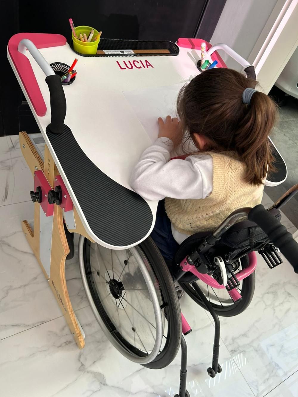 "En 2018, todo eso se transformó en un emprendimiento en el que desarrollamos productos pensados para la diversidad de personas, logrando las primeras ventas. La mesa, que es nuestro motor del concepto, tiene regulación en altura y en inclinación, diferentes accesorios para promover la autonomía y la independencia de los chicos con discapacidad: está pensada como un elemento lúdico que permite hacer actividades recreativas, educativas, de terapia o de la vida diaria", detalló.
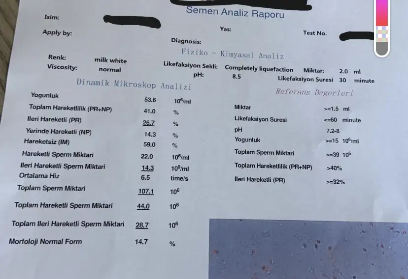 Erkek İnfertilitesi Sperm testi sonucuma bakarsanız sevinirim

==

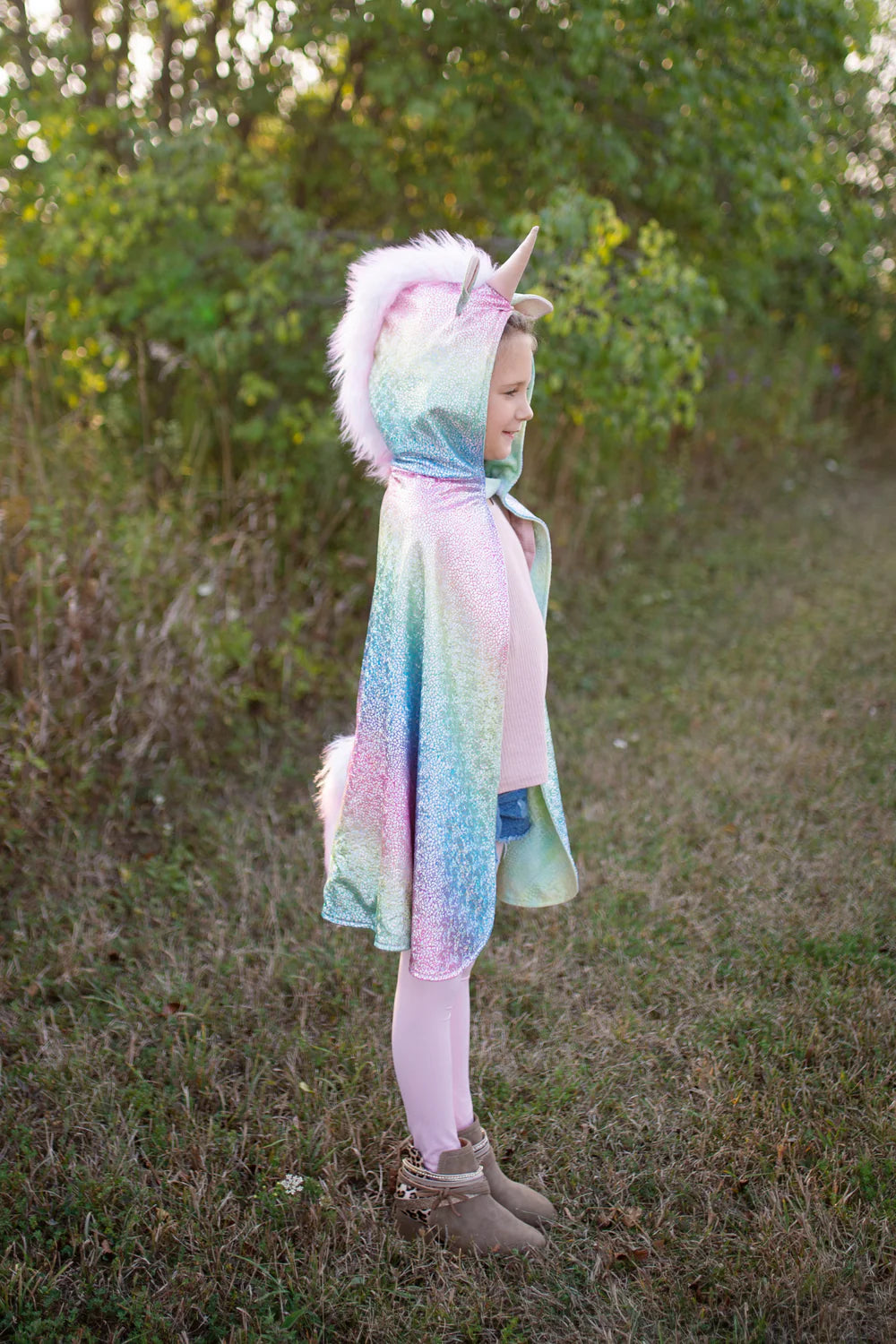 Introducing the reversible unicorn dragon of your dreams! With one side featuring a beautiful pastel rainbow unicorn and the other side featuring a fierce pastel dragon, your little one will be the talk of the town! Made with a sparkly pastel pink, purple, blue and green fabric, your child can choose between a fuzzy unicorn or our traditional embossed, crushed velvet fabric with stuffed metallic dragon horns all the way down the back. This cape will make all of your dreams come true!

● **Aim of the exercise**
Would you set down only the lines above from the line with "2018, todo eso" to the line with "Erkek İnfertilitesi Sperm testi", both included, exactly as they stand and without the pictures?

● **Answer space**
 "En 2018, todo eso se transformó en un emprendimiento en el que desarrollamos productos pensados para la diversidad de personas, logrando las primeras ventas. La mesa, que es nuestro motor del concepto, tiene regulación en altura y en inclinación, diferentes accesorios para promover la autonomía y la independencia de los chicos con discapacidad: está pensada como un elemento lúdico que permite hacer actividades recreativas, educativas, de terapia o de la vida diaria", detalló.
 Erkek İnfertilitesi Sperm testi sonucuma bakarsanız sevinirim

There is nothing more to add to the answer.